In this version, each element takes a value in the range [0,n−1] (inclusive) and Ashish can ask no more than n+2 queries.

Input
The first line of input contains one integer n (4≤n≤216) — the length of the array. It is guaranteed that n is a power of two.

Interaction
To ask a query print a single line containing one of the following (without quotes)

“AND i j”
“OR i j”
“XOR i j”
where i and j (1≤i,j≤n, i≠j) denote the indices being queried.
For each query, you will receive an integer x whose value depends on the type of query. If the indices queried are invalid or you exceed the number of queries however, you will get x=−1. In this case, you should terminate the program immediately.
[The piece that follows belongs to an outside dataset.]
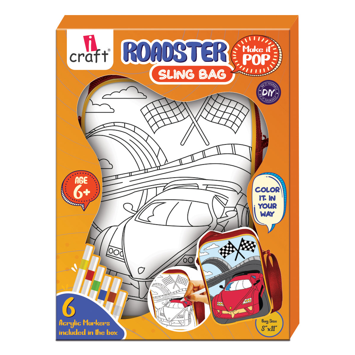 - iCraft ROADSTER DIY Sling Bag for Kids – Paint Your Own Car-Themed Bag with 6 Sketch Pens – Art & Craft Set for Boys Age 6+ – 8"x10" Shoulder Bag with Zip

When you have guessed the elements of the array, print a single line "! " (without quotes), followed by n space-separated integers — the elements of the array.

Guessing the array does not count towards the number of queries asked.

The interactor is not adaptive. The array a does not change with queries.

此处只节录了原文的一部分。